Я радостно обнял отца. Как я соскучился по ним, по матери и отцу, по дому, по уюту. Только снова жизнь с чистого листа, без перспективы, без надежды.
После обеда позвонил Сигаеву, тот тоже обрадовался.
— Давай, подгребай к нам к вечеру, там и расскажешь о своих новых приключениях.
Стоило бы поведать, скинуть груз с души, только что рассказывать? Как обманывал народ, заманивал его в дьявольские сети, выуживал из карманов последнее? Об этом даже вспоминать тошно, а уж рассказывать кому — геройство липовое, гордиться больно нечем. И оправдывать себя не хочется: делал ведь всё сознательно, никто в шею не толкал, на цепь не сажал, с приставленным к спине пистолетом позади не стоял. Любой меня сможет в этом упрекнуть, и может быть, будет прав. Но легче ли мне будет от этого?

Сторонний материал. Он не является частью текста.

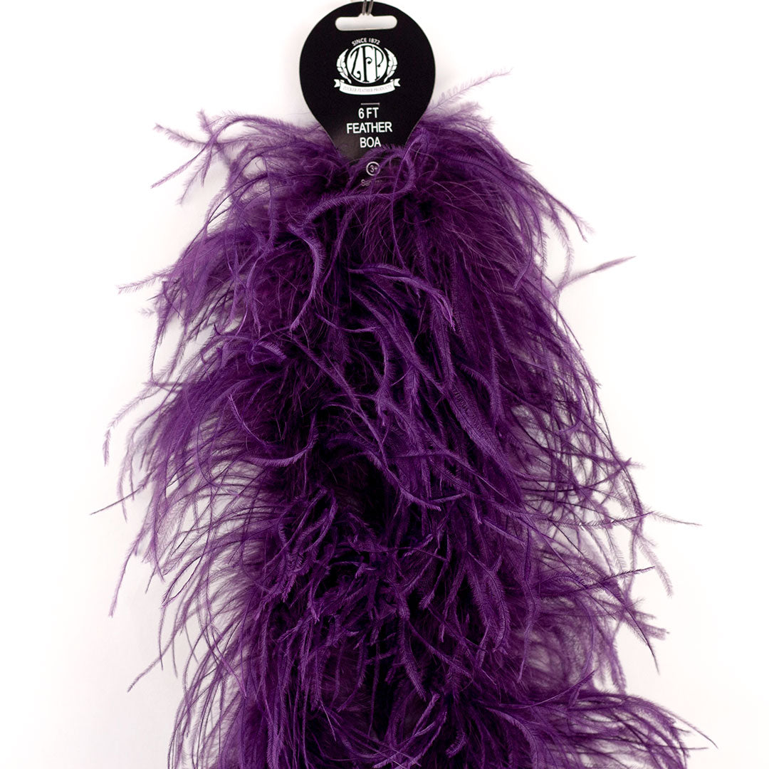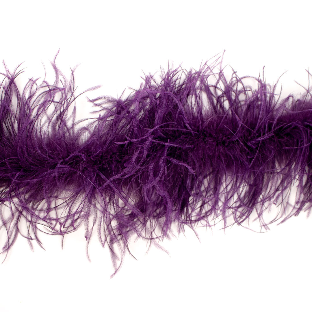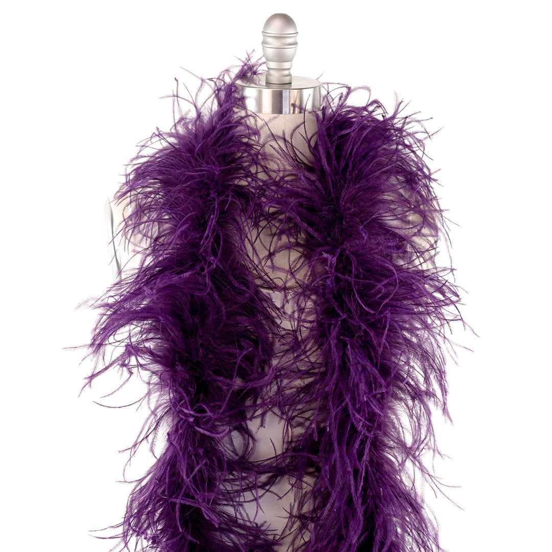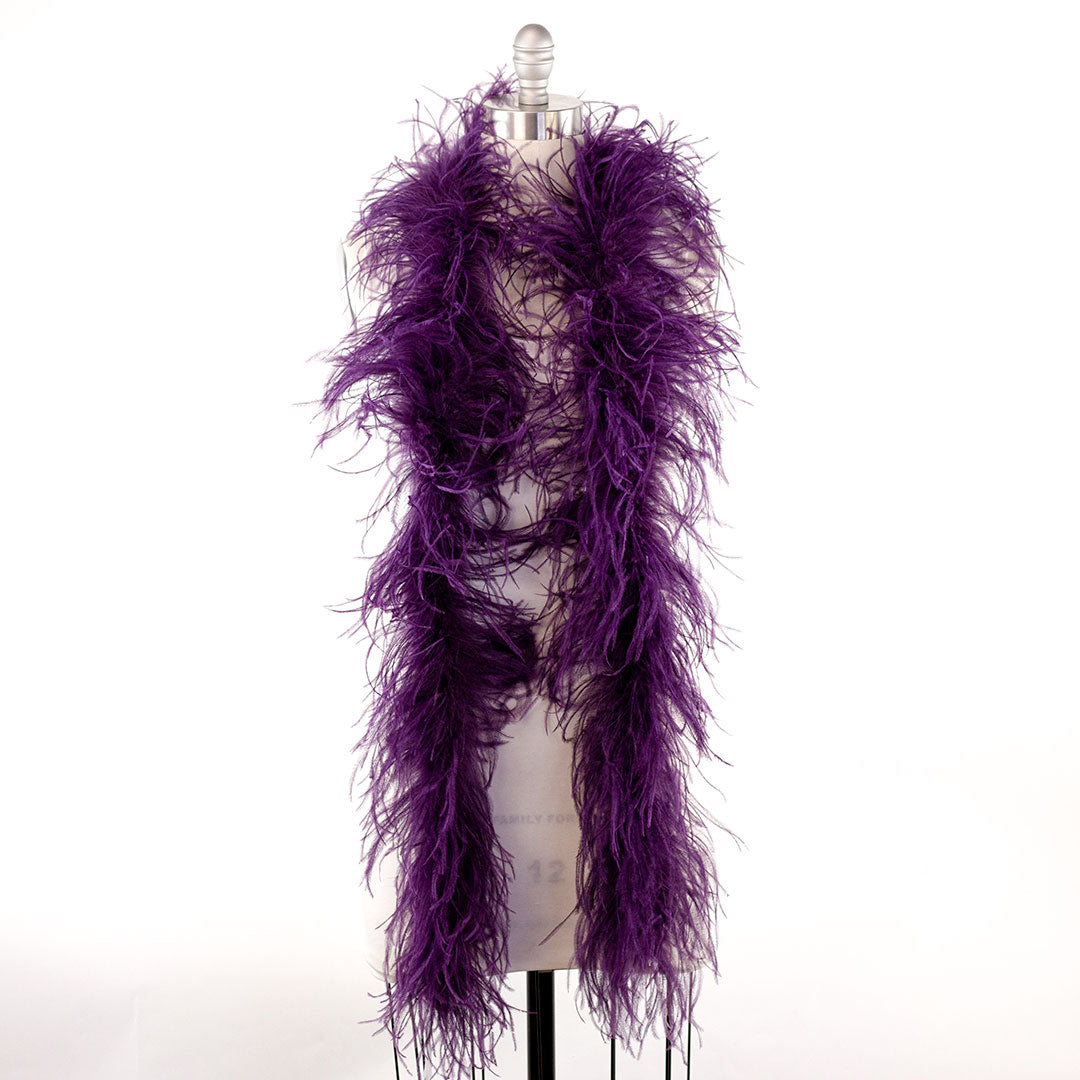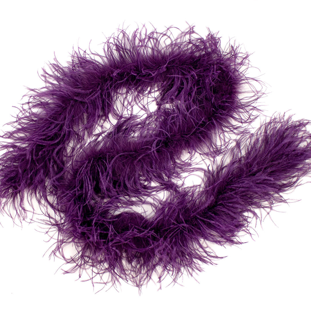 This grape purple ostrich feather boa has marabou feathers with two layers of ostrich feathers sewn into it and measures 6 feet long by approximately 9" in diameter. Our Zucker feather boa can be cut without unraveling as feathers are sewn on to a cotton cord. This ostrich boa is an ideal roaring 20s feather boa, perfect for a Great Gatsby theme party.
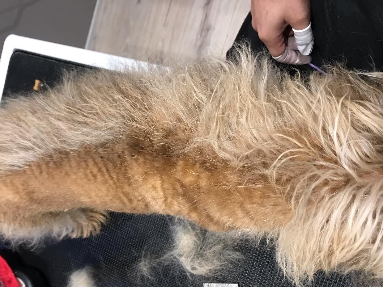 Wanneer heeft een hond een plukvacht? Dat is wanneer de hond een dubbele vacht heeft waarvan de bovenlaag niet vanzelf uitvalt. Deze bovenlaag moet er met de hand uitgeplukt worden. Dit is zeker niet pijnlijk voor de hond omdat het haar al los zit. De hond is “plukrijp” als u met gemak de bovenvacht los kan halen. De bovenvacht plukken word 1 keer per 3 maanden of 1 keer per 6 maanden gedaan, afhankelijk van de hond. Plukken is een trimmethode waarbij een laag volgroeide losse haren uit de vacht verwijderd worden. Dit zijn de dekharen, deze haal ik eruit om ‘ruimte’ te maken voor de nieuwe dekharen. Als deze dekharen niet worden geplukt, kan dit leiden tot irritatie of zelfs stank van de huid.
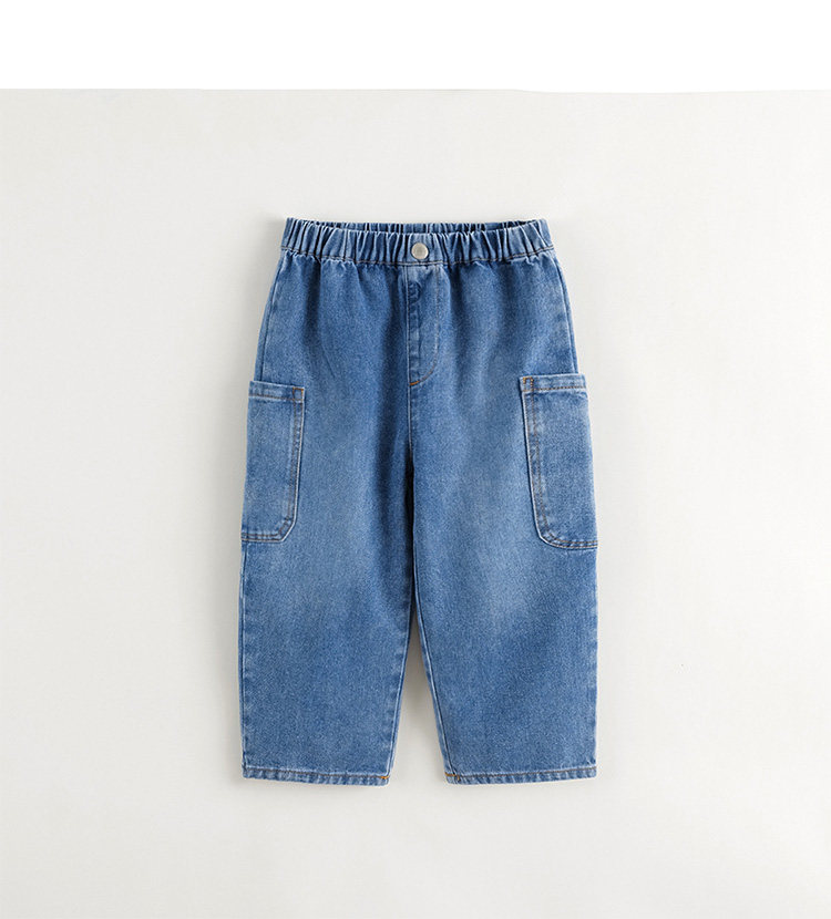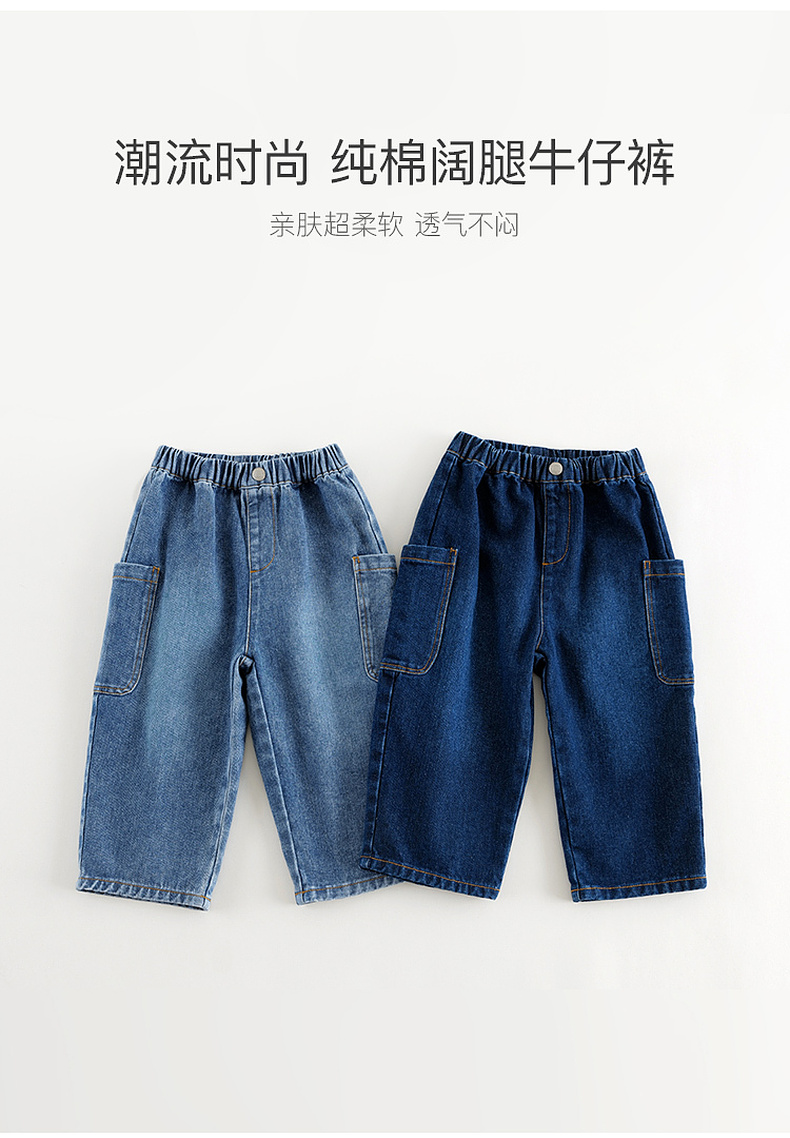 马克珍妮男童工装大口袋休闲牛仔裤儿童裤子直筒裤秋装新款241210
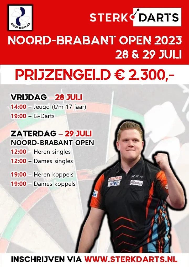 In 2023 vindt de eerste editie plaats van het Noord-Brabant Open. Het Noord-Brabant Darts Championshiop werd al wel eerder gespeeld. Toen wonnen Kim Huybrechts en Adriana van Wijgerden-Vermaat. Wie pakken dit jaar de titels?
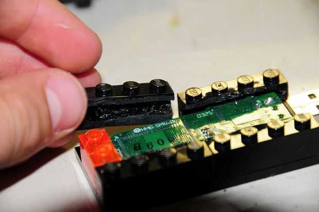 Una vez la seca GLUR y el USB es estable, poner pegamento en los otros dos 1 X 4 y colocarlas en la USB. ASEGÚRESE DE QUE LOS LADRILLOS DE 1 X 4 ESTÁN EN SU LUGAR Y NO HAYA PRESIÓN EN LA MEMORIA USB PORQUE SE PUEDE ROMPER. IMAGEN 3 MUESTRA ALGUNOS LUGARES USTED PUEDE PONER CALIENTE DEL PEGAMENTO. LUEGO PONER PEGAMENTO CALIENTE EN LA SEGUNDA PIEZA PLANA DE 4 X 8. LUEGO COLOQUE LA SEGUNDA PIEZA PLANA DE 4 X 8 EN LA PARTE SUPERIOR LAS PIEZAS DE 1 X 4. UNIR TODO EL CASO HASTA QUE ESTÉ SÓLIDO.

Сигаев немного похудел, Люся и так была худышкой, а теперь одни глаза да скулы (Павлик, видно, давал им жару), но они были счастливы: у них появилась новая радость в жизни, новый смысл. Сейчас, правда, Павлик лежал в детской кроватке, как пай-мальчик: глядел на висящую над ним погремушку, гулил и чему-то улыбался. Я смотрел на него даже с некоторой завистью: у меня ведь тоже мог быть такой малыш, и я бы мог также сильно его любить, как Сигаевы своего сына, но — увы!
Мои размышления прервал Михаил:
— И все-таки как хочешь, Диман, а мы только в тебе видим крестного нашего сына. Правда, Люся?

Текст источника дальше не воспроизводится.